**EXERCISE OBJECTIVE:** From the records below, output exactly the lines starting at the line with "a single diamond" and ending at the line with "本溪市副市长黄力强、杨军生,本溪市农委主", both of them included, but no pictures.

**EXCERPTED DATA:**
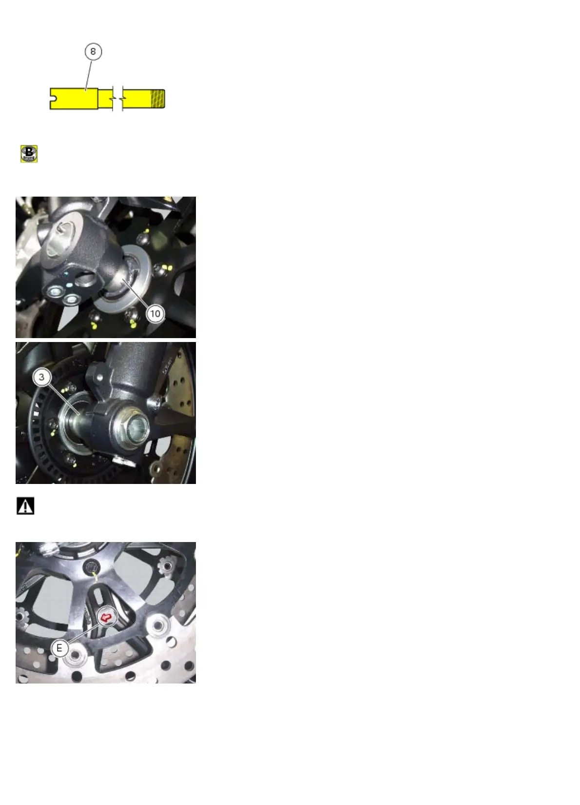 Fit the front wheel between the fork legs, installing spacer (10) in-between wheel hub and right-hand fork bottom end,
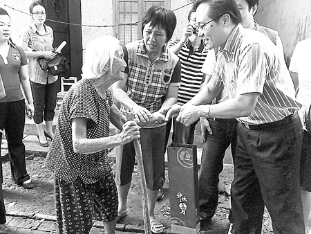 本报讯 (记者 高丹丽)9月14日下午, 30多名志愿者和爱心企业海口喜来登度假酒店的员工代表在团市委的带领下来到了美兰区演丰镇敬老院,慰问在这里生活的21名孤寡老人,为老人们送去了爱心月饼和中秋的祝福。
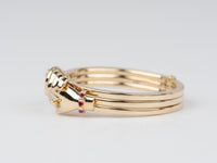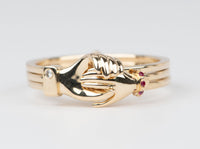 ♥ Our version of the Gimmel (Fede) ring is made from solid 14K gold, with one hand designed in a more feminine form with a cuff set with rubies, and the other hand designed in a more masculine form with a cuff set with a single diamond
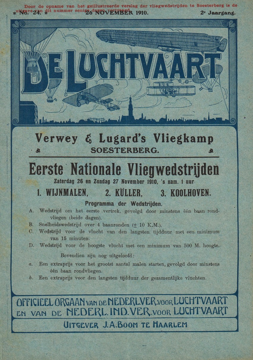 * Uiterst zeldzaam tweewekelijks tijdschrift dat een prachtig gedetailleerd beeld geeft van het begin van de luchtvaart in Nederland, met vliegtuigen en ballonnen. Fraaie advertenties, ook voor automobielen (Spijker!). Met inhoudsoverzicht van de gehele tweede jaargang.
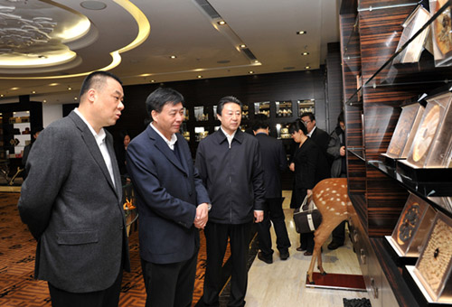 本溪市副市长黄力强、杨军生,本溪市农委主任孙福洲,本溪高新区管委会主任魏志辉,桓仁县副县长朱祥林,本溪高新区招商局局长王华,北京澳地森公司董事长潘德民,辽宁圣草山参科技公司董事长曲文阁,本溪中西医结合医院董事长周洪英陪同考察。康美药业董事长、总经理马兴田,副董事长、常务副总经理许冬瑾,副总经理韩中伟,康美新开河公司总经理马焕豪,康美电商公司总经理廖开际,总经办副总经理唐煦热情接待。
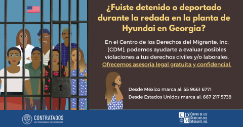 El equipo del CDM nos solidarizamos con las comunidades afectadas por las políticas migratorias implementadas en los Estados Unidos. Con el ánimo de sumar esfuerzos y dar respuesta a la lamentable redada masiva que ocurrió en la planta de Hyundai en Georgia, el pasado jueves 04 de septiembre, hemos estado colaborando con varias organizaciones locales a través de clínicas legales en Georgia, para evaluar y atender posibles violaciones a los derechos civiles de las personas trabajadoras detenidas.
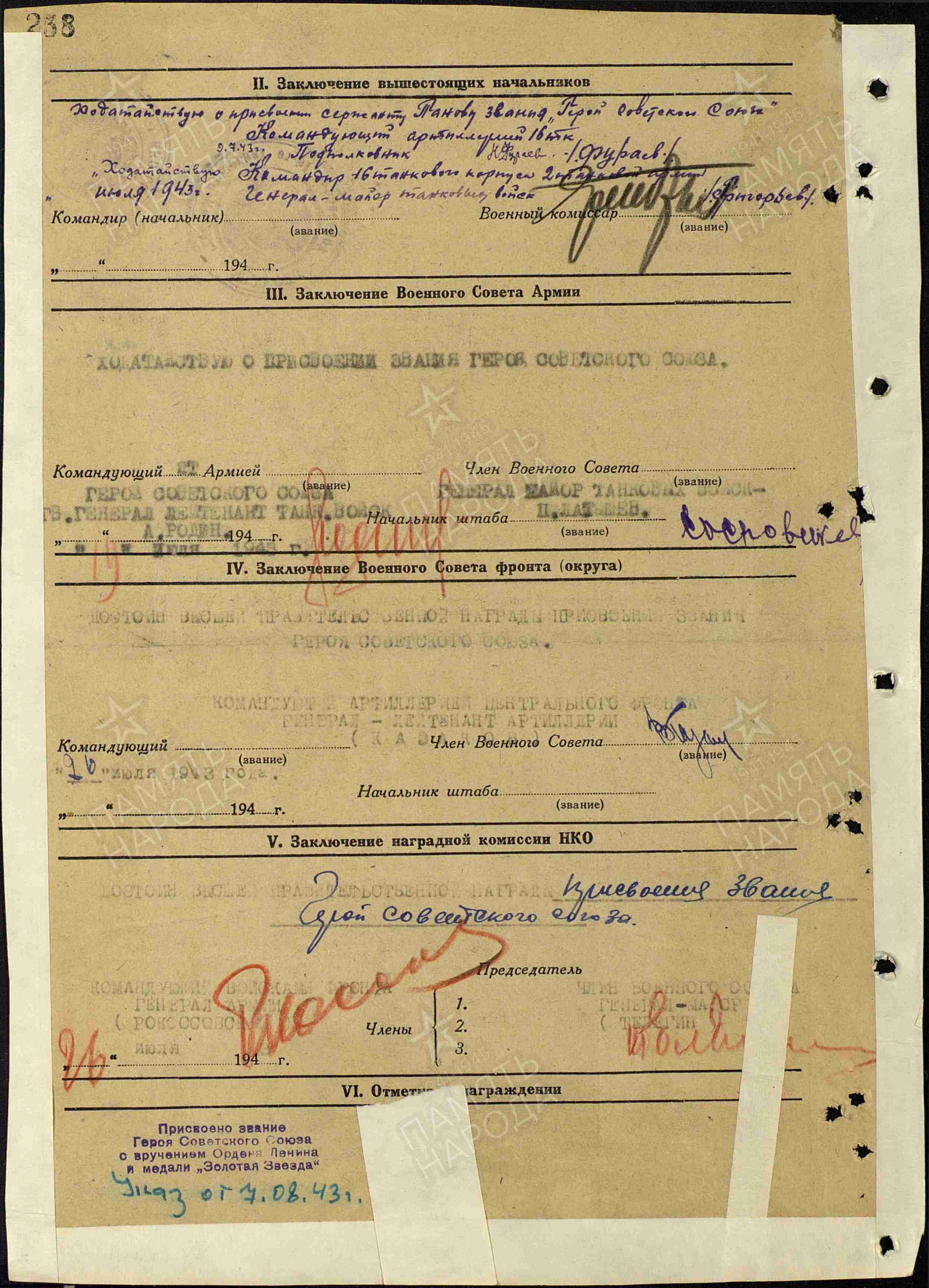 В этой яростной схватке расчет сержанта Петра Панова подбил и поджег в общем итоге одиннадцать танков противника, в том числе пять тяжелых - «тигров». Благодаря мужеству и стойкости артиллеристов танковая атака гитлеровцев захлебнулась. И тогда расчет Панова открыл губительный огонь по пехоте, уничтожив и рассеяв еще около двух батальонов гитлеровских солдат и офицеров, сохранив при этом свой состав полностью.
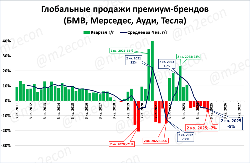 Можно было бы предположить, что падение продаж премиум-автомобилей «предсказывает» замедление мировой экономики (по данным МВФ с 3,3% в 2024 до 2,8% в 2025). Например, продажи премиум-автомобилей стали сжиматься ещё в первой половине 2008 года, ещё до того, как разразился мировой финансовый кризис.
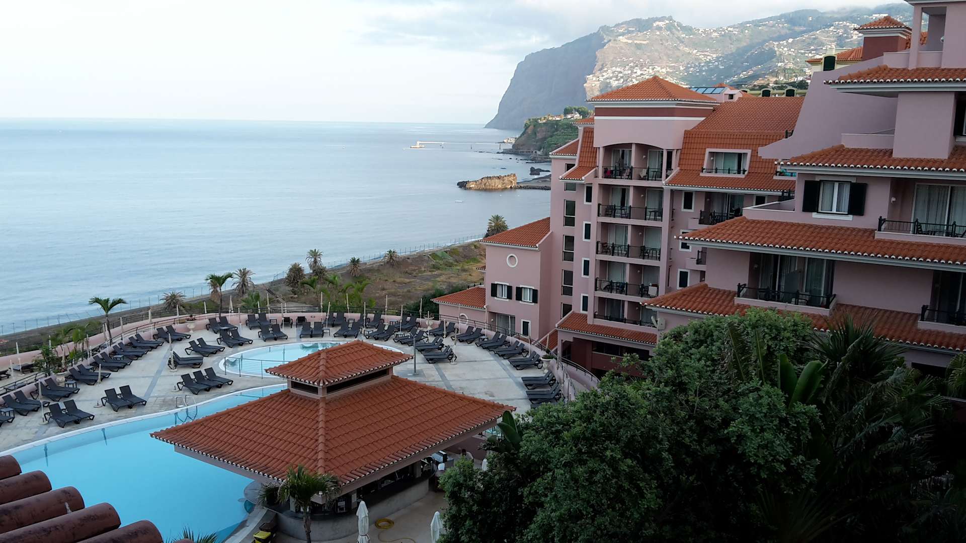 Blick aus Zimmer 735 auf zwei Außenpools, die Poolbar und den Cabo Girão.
---
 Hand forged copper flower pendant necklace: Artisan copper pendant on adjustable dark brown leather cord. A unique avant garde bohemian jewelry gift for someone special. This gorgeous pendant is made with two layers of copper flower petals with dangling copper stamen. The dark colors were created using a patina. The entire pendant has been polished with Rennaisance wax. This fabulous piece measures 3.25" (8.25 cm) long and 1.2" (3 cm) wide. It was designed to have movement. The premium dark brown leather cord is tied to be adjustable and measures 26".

**SOLUTION TO THIS PROBLEM:**
 ♥ Our version of the Gimmel (Fede) ring is made from solid 14K gold, with one hand designed in a more feminine form with a cuff set with rubies, and the other hand designed in a more masculine form with a cuff set with a single diamond
 * Uiterst zeldzaam tweewekelijks tijdschrift dat een prachtig gedetailleerd beeld geeft van het begin van de luchtvaart in Nederland, met vliegtuigen en ballonnen. Fraaie advertenties, ook voor automobielen (Spijker!). Met inhoudsoverzicht van de gehele tweede jaargang.
 本溪市副市长黄力强、杨军生,本溪市农委主任孙福洲,本溪高新区管委会主任魏志辉,桓仁县副县长朱祥林,本溪高新区招商局局长王华,北京澳地森公司董事长潘德民,辽宁圣草山参科技公司董事长曲文阁,本溪中西医结合医院董事长周洪英陪同考察。康美药业董事长、总经理马兴田,副董事长、常务副总经理许冬瑾,副总经理韩中伟,康美新开河公司总经理马焕豪,康美电商公司总经理廖开际,总经办副总经理唐煦热情接待。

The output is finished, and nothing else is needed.